Okay, I know we’re getting a bit deep into it here, but I’m going to throw a few more numerical terms at you: FP32, BF16, and INT8. Think of these as variables (numbers) that are used with deep learning. As you might have guessed FP32 (floating point 32-bit) calculations are higher precision than BF16 (brain floating point 16-bit) or INT8 (8-bit integer) calculations. What’s interesting is that using the DL Boost libraries, Intel is attaining similar accuracy on many models (especially computer vision but increasingly others) using INT8 as you can get from using FP32. This may be a lot to take in. The upshot here is that DL Boost improves inference performance by maintaining accuracy at a lower precision (and thus lower latency and lower power consumption) calculation. What’s more, Intel has not only optimized for DL Boost, but across a broad range of the most popular open-source AI libraries, tools, and frameworks, and is seeing gains of up to 100x on some models in the world’s most popular AI library called scikit-learn (for machine learning)!
AI is yet another example of Intel’s edge to cloud platform at work. INT8 inference at the edge on any 3rd Gen Xeon Processor and BF16 training in the data center on select processors – both leveraging DL Boost for increased performance as well as extensive AI software optimizations. And all providing a great environment for general-purpose compute on the exact same hardware – something that purpose-built AI silicon simply cannot do. For an even deeper dive into DL Boost, check out this presentation from the launch event:
The Big Picture
When Intel launches a new generation of server processors, it’s easy to get caught up in the new speeds and feeds. And the 3rd Gen Intel Xeon Scalable processors did not disappoint in that area. Highlights like 8 channels of memory, 64 lanes of PCIe4, and as many as 40 cores per socket easily steal the show.

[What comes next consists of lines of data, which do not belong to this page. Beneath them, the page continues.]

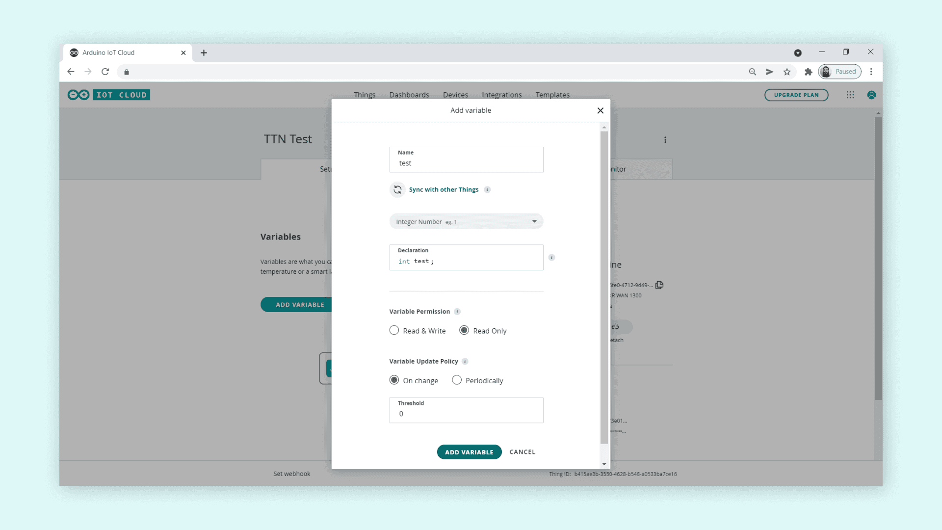 test, and select Integer Number as data type (this will be declared as int test;). Tick the Read Only option, and click on "Add Variable.3. Let's head to the Sketch tab, where you can use the following code: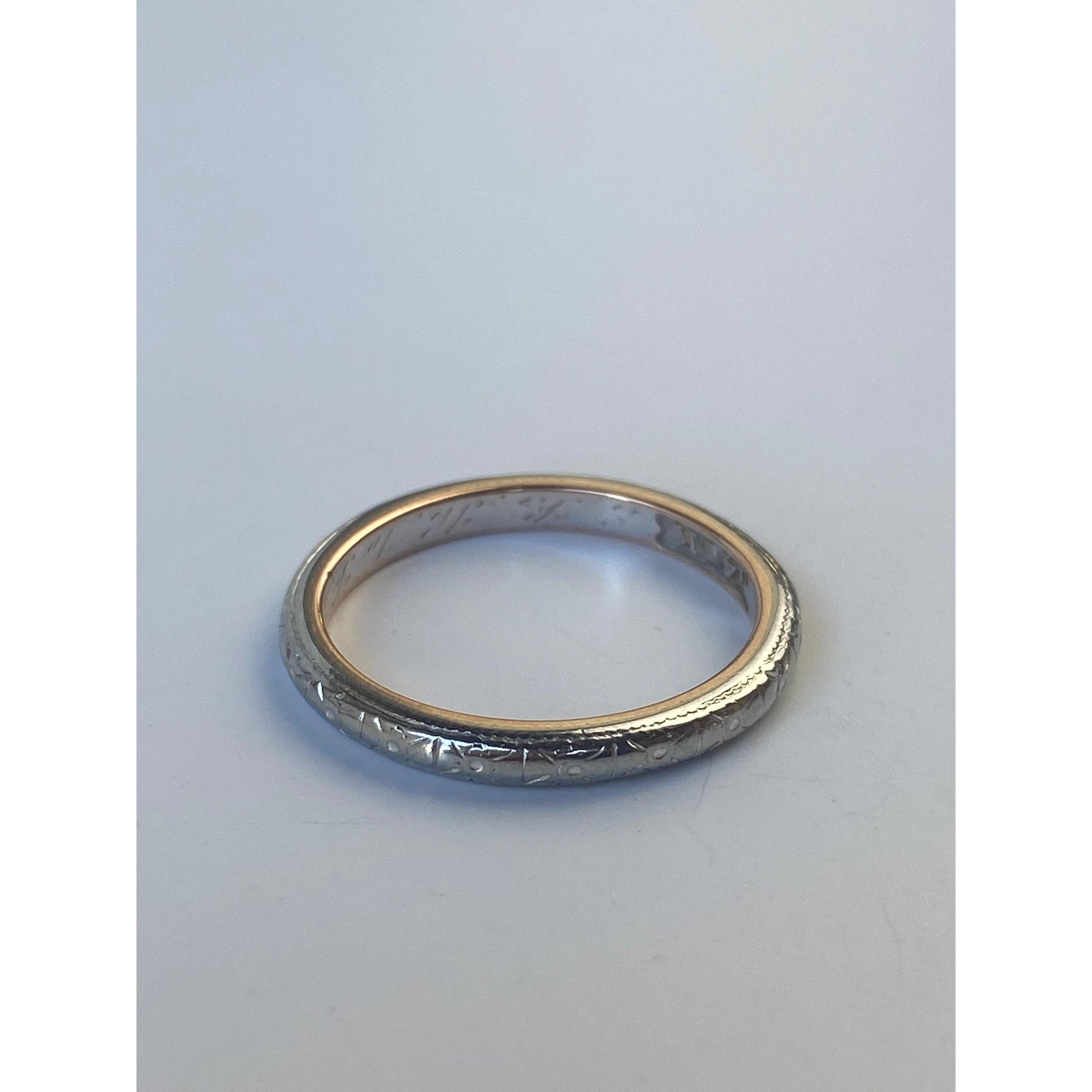 Vintage Solid 14k White Gold Designed Miligrain Ring Band - Size 7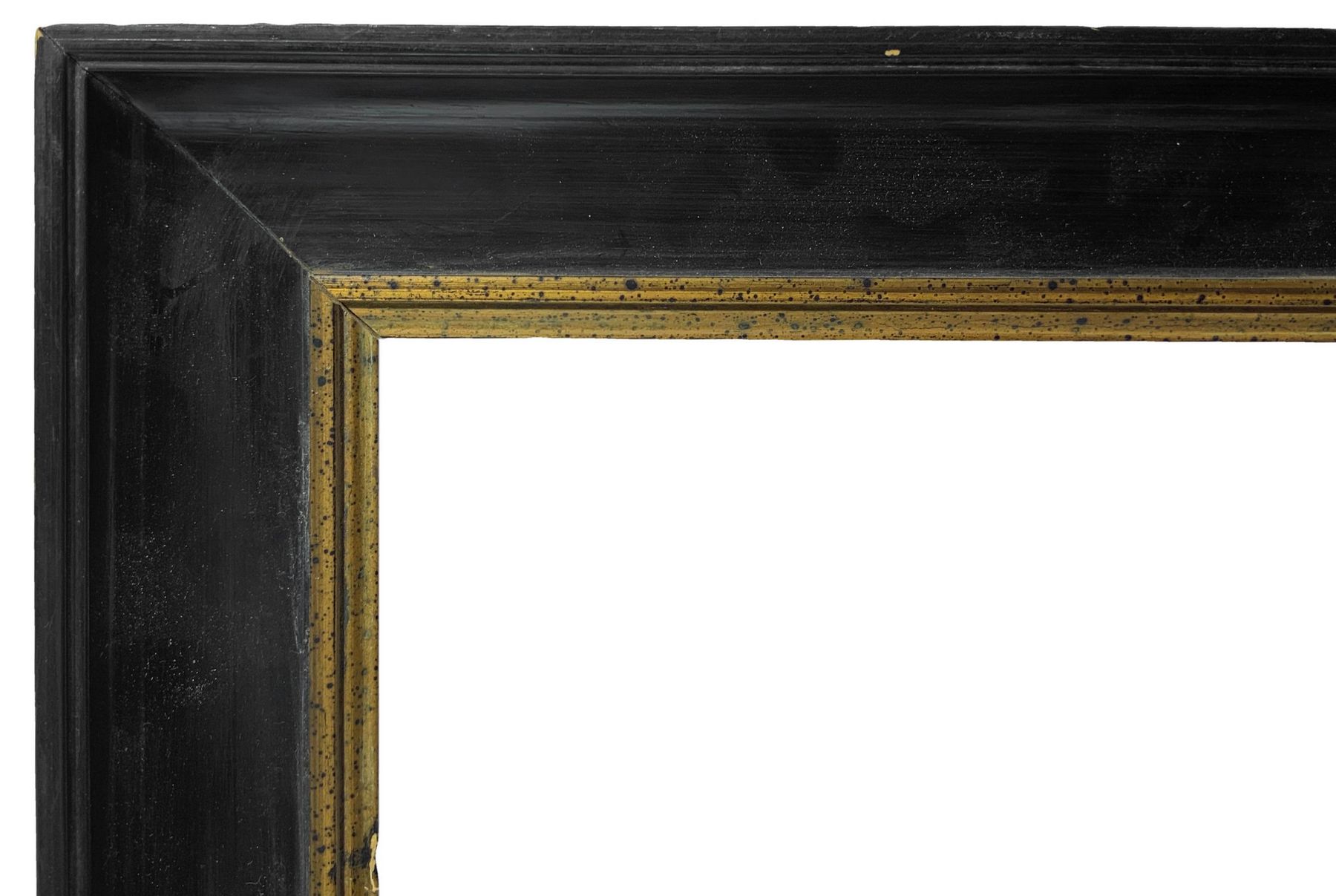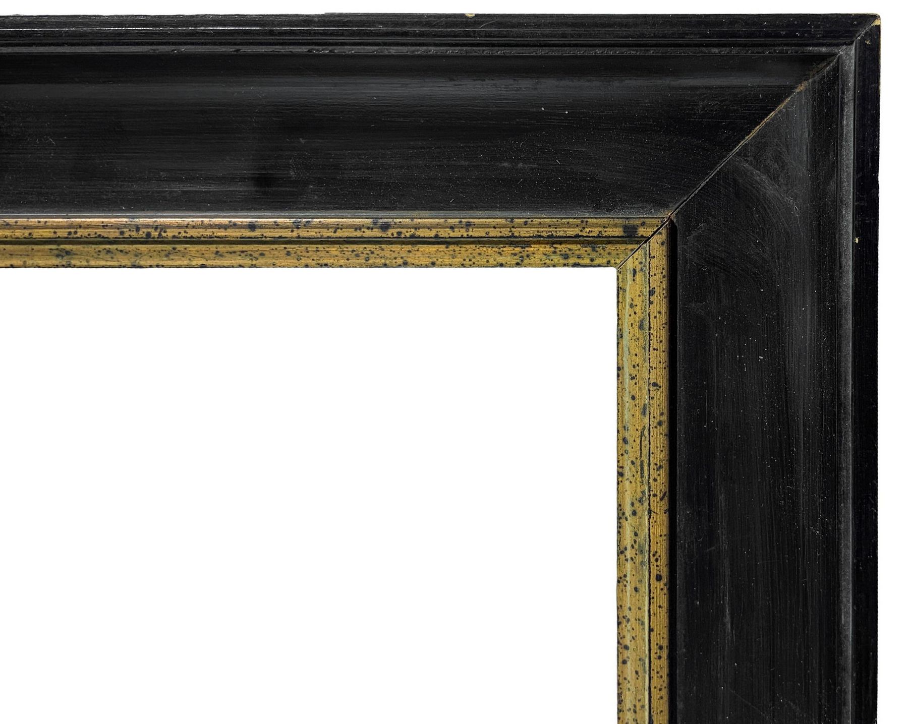 Gruppo di n. 3 cornici. 1- Cornice in legno di colore nero perfilo dorato...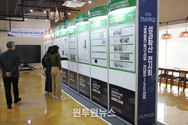 전남대 전남RISE사업단과 여수시교육특구사업단은 23일 여수캠퍼스 청경마루에서 2025년 한 해 동안의 성과를 집약한 전시회를 열었다.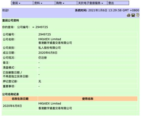 据了解,HKbitEX成立于2020年6月8日,是首批申请香港证监会“虚拟资产交易平台牌照”的机构之一。HKbitEX网站介绍,公司总部位于香港,主要为专业投资者提供电子资产的现货及场外交易,专注于虚拟资产交易所业务。去年4月取得信托和公司服务提供商牌照(TCSP LICENSE)。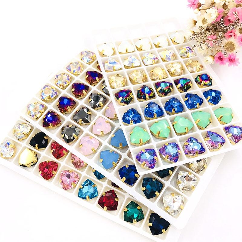 Fat Triangle K9 Glass Sewing Crystal Rhinestones With Gold Claw

But I think they made the right choice by putting those leaps forward in context with the entire Intel portfolio. Things like Crypto Acceleration, Confidential Computing, Optane persistent memory 200 series, Ethernet 800 series, oneAPI, AVX-512 (which does way more than AI, by the way), and, yes, DL Boost.
No matter which specifics you’re interested in, the take-away was how these impressive new server processors fit into the larger Intel platform, from edge to cloud.